◆ What the task asks: Could you print the stretch of lines below from the one with "Lining up middles, pin" through the one with "3学年一緒に誕生会をするのは", exactly as they stand and without any pictures?

***** Data to examine *****

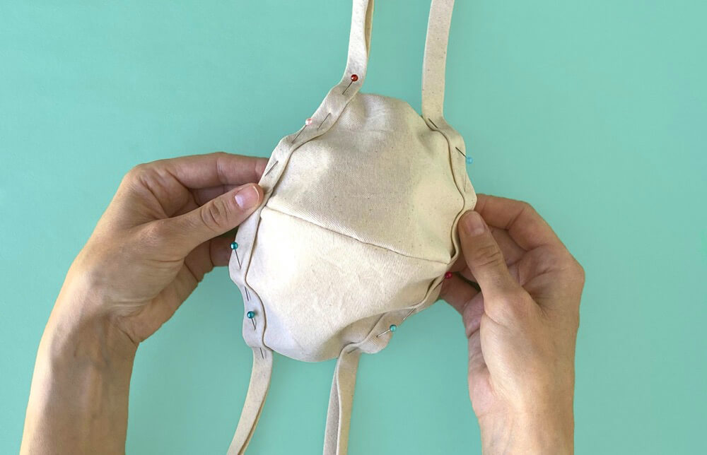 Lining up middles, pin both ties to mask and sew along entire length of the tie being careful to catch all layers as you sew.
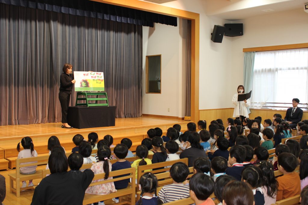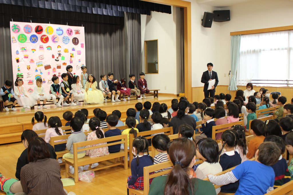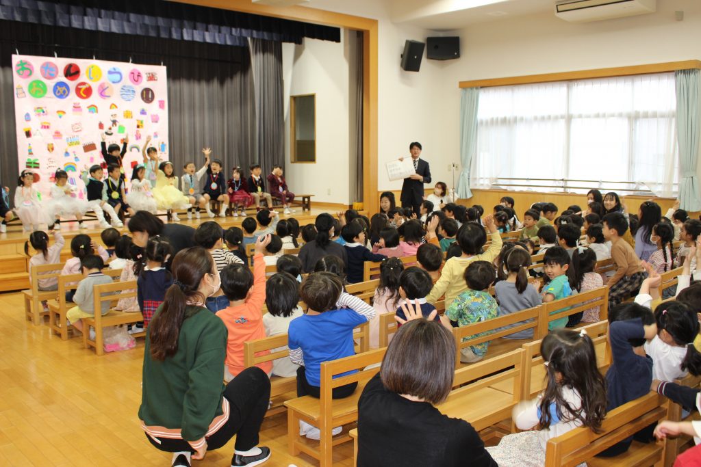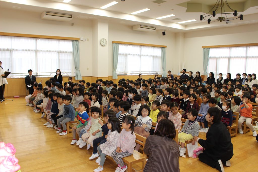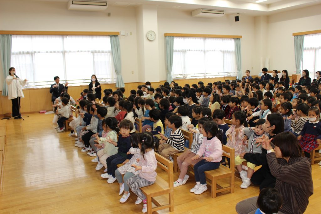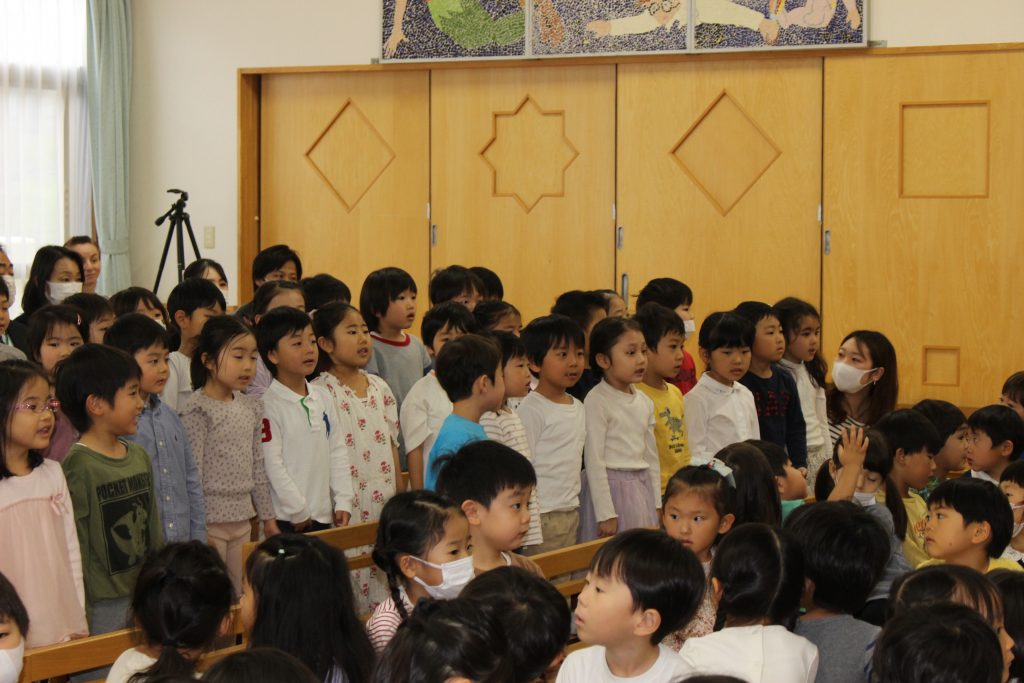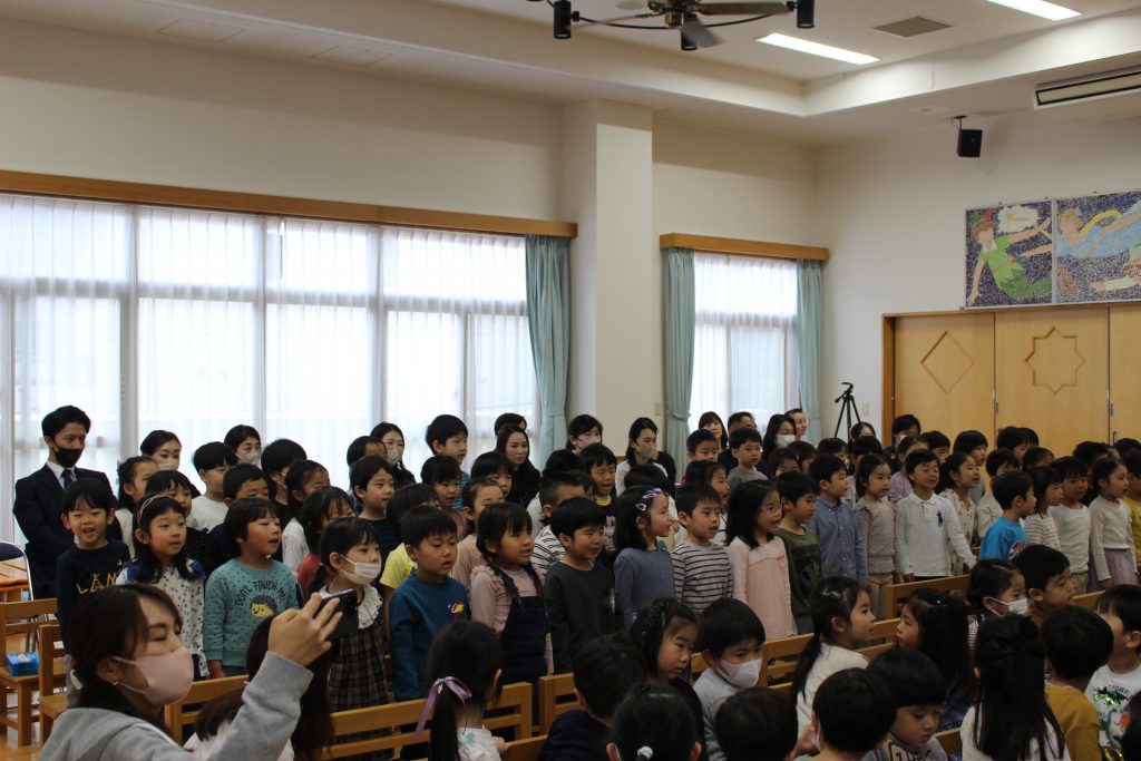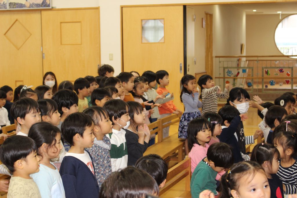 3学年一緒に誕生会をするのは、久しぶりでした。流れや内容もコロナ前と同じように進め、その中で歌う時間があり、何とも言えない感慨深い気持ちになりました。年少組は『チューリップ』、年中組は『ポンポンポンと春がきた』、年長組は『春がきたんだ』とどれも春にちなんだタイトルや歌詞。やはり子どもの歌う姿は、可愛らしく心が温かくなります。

*****
***** Data to examine *****

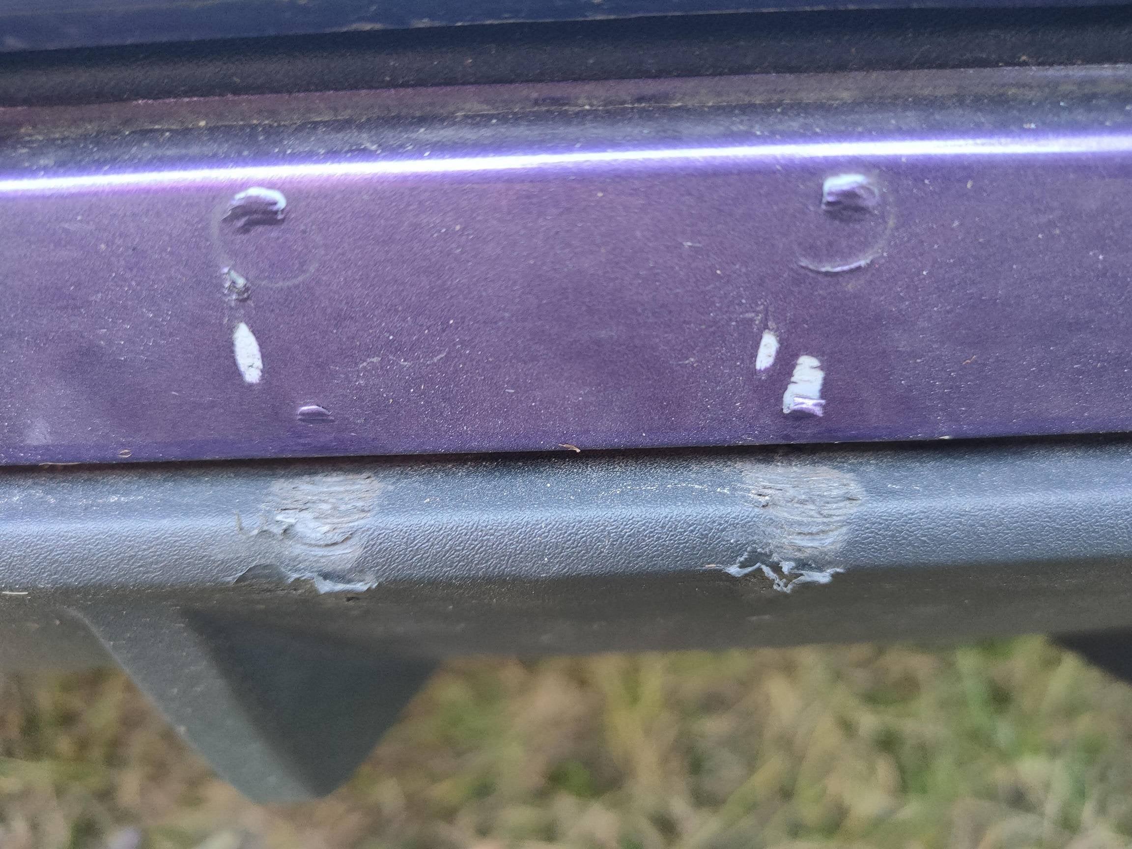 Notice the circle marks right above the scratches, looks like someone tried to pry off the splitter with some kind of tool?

*****

◆ Problem solution:
 Lining up middles, pin both ties to mask and sew along entire length of the tie being careful to catch all layers as you sew.
 3学年一緒に誕生会をするのは、久しぶりでした。流れや内容もコロナ前と同じように進め、その中で歌う時間があり、何とも言えない感慨深い気持ちになりました。年少組は『チューリップ』、年中組は『ポンポンポンと春がきた』、年長組は『春がきたんだ』とどれも春にちなんだタイトルや歌詞。やはり子どもの歌う姿は、可愛らしく心が温かくなります。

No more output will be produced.